Can We Harness Immune Responses to Improve Drug Treatment in Leishmaniasis?

Abstract

Leishmaniasis is a vector-borne parasitic disease that has been neglected in priority for control and eradication of malaria, tuberculosis, and HIV/AIDS. Collectively, over one seventh of the world's population is at risk of being infected with 0.7-1.2 million new infections reported annually. Clinical manifestations range from self-healing cutaneous lesions to fatal visceral disease. The first anti-leishmanial drugs were introduced in the 1950's and, despite several shortcomings, remain the mainstay for treatment. Regardless of this and the steady increase in infections over the years, particularly among populations of low economic status, research on leishmaniasis remains under funded. This review looks at the drugs currently in clinical use and how they interact with the host immune response. Employing chemoimmunotherapeutic approaches may be one viable alternative to improve the efficacy of novel/existing drugs and extend their lifespan in clinical use.

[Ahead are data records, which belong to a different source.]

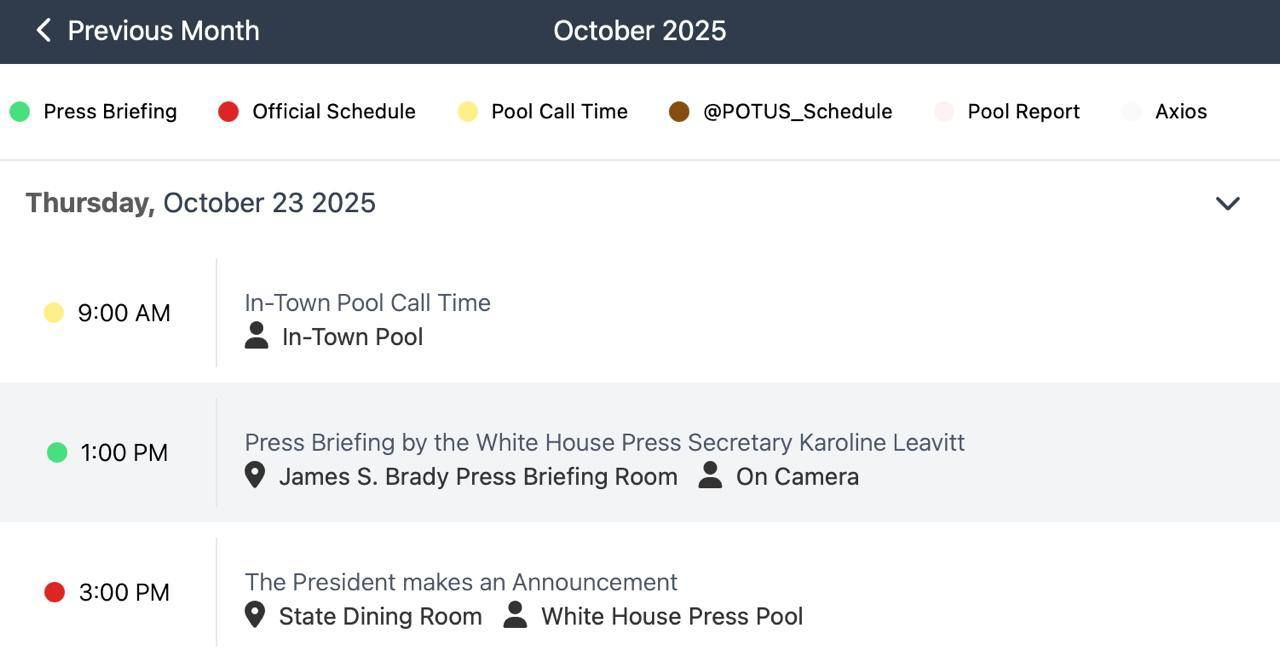 К тому же за два часа до этого, а именно в 20:00, начнется пресс-конференция пресс-секретаря Белого дома Кэролайн Левитт.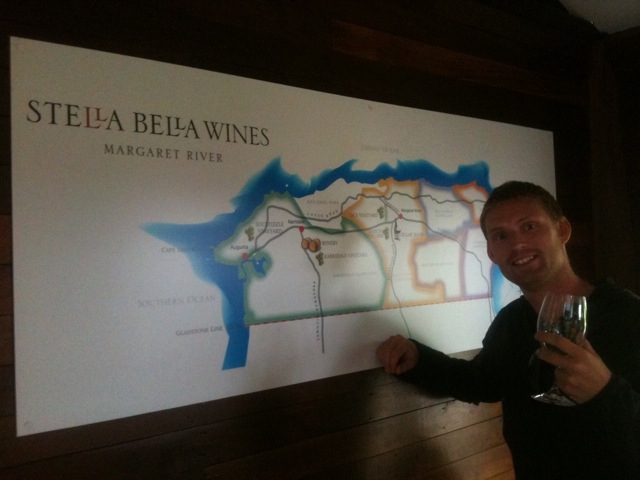 Vi började dagen med att utforska Margaret River och dess utmärkta vingårdar. Jag och Claudia fick var sin ”designated driver”. Anna och Mark fick småsmutta på vinerna. Alkoholgränsen för bilkörning är 0,5 promille i Australien så det finns utrymme för en liten slatt iaf. Men jag och Claudia sparade inte på oss. Vi började på Leeweun Estate. Stort, flådigt och ett av de mer berömda i trakten. Roligt då vi inte hade nån aning utan bara svängde av vägen lite på måfå och frågade var de var för ena Nästa ställe, Stella Wines, var betydligt mindre men vinerna inte sämre för det.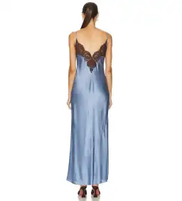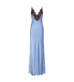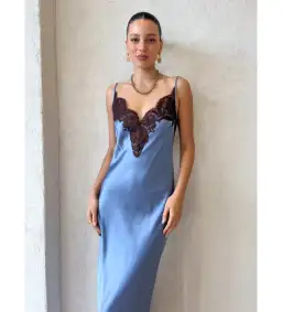 The Danseurs Lace Slip Dress in Blue is an elevated maxi dress, featuring a deep V neckline with contrast chocolate brown lace detail. Cut on the bias from a silk fabric, offering a draped silhouette that skims the body.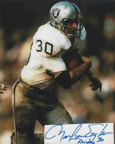 Mark van Eeghen (Oakland Raiders) autographed cut on an 8x10 photo. The photo and signature cut have been professionally laminated together to protect and preserve their quality and condition. By placing this authentic signature cut on the photo, it has significantly increased it's value and desirability! No more looking at a boring index card or piece of paper. Photo is in MINT condition. Please enlarge the photo to view it's resolution since some photos may be of lower resolution. All autographs are 100% guaranteed and come with a certificate of authenticity from www.RKSportsPromotions.com.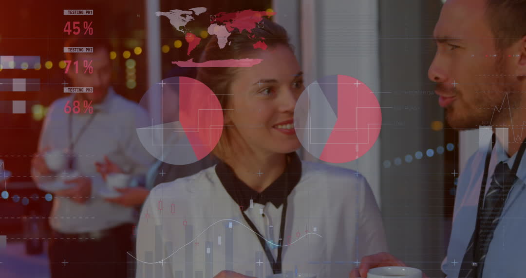 Young business professionals analyzing data in a social setting. Digital graphics overlay with charts and statistics symbolizes data-driven decision making in a global context. Useful for themes related to team collaboration, modern work environments, and technology in business.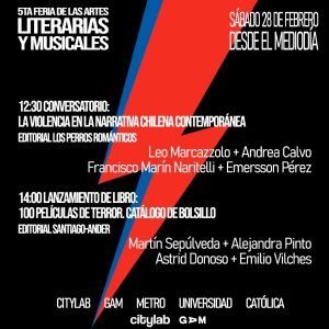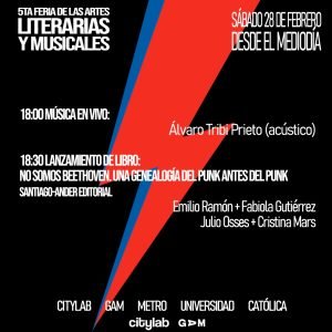 Este sábado 28 de febrero de 2026 se realizará la 5ta Feria de Artes Literarias y Musicales, organizada por Santiago-Ander Editorial y Polilla Records. Se realizará en Citylab, en el GAM, entre las 12:00 y 20:00 hrs., con entrada liberada, a pasos del metro Universidad Católica.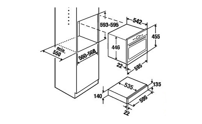 - Размеры ниши для встраивания, Ш х В x Г ≈ 560 х 595 x мин. 550 мм (включая прибор высотой 45 см)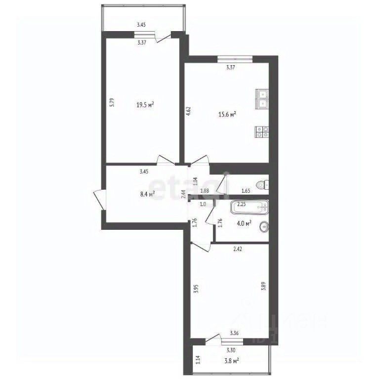 * Oбщaя площадь 64,7 кв.м

Keywords: chemotherapy; host directed therapy; immunity; immunochemotherapy; leishmaniasis.

Figure 1

Proposed outcome of management of leishmaniasis using chemoimmunotherapeutic approach. (A): Therapeutic success can be achieved via three possible routes. Administration of drugs achieves clinical cure which inhibits parasite replication within host cells. In parallel, the host immune response could be activated by immune-mediators and directly or indirectly disrupt parasite growth or magnify drug uptake in host cells via upregulation of a specific Th1 response. This drives the activation of macrophages. Since both of these approaches are associated with different levels of success, a third approach is to combine the drug with a host-directed therapeutic or therapeutics in a chemo-immunotherapeutic approach, where host immune responses are targeted in conjunction with the drug, overall, potentiating an enhanced Th1 response and leishmanicidal effect. (B): Therapeutic failure occurs if an antileishmanial drug does not reach the appropriate sites of infection. Alternatively, this occurs if the drug induces genetic changes by selecting for “fitter” parasites that are resistant to the drug and/or oxidative stress or if intracellular parasites induce modifications to alter drug uptake and/or efflux from infected host cells, both of which render parasites less responsive to treatment. In parallel, Leishmania parasites are immunosuppressive; hijacking host immunity and impairing Th1 differentiation by inducing factors that enable disease by reducing the efficacy of the host immune responses such as, downregulating macrophage-derived nitric oxide whilst concomitantly, enhancing IL-10 to deactivate macrophage killing effector functions. An expert understanding of the host immune response is needed to implement the third approach as a chemoimmunotherapeutic regimen could exacerbate inflammatory responses. Enhanced inflammation could enhance recruitment of host-cells for parasite replication, select for fitter parasites, which are drug-resistant and unresponsive to host antileishmanicidal products, or induce a cytokine storm that is ultimately detrimental to the host.

Figure 2

Host-directed therapies and immunochemotherapies and the protective roles they play in the mammalian host. (1) Various organs (A, infected spleen; B, infected skin; C, infected bone marrow; D, infected liver; and E, infected lymph node) are infected with Leishmania, the site depending on the infecting spp. (2) Administration of a drug in combination with an immunomodulator e.g., cytokines, co-stimulatory/inhibitory molecules, immune cells, which increase the antileishmanial Th1 population and boosts subsequent parasite clearance (3–5), represents a host-directed therapeutic drug target. (3) The administration of statins (an inhibitor of hydroxy-3-methylglutaryl coenzyme A reductase) enhanced host macrophage phagosome and killing effector function by lowering host cholesterol. (4) Inhibiting the cytotoxic T lymphocyte Ag-4 led to increased granuloma formation and IFN-γ and IL-4 production by the liver and spleen, which induced host-protective immunity. (5) Fucoidan activated p38 and ERK1/2 pathways leading to increased iNOS production, whereby p38 increased IL-12 levels and ERK1/2 enhanced TNF-α and NF-κB signal transduction for host-protective immunity. (6) Combination of drugs and HDTs leads to parasite clearance. Figure was created in BioRender.com.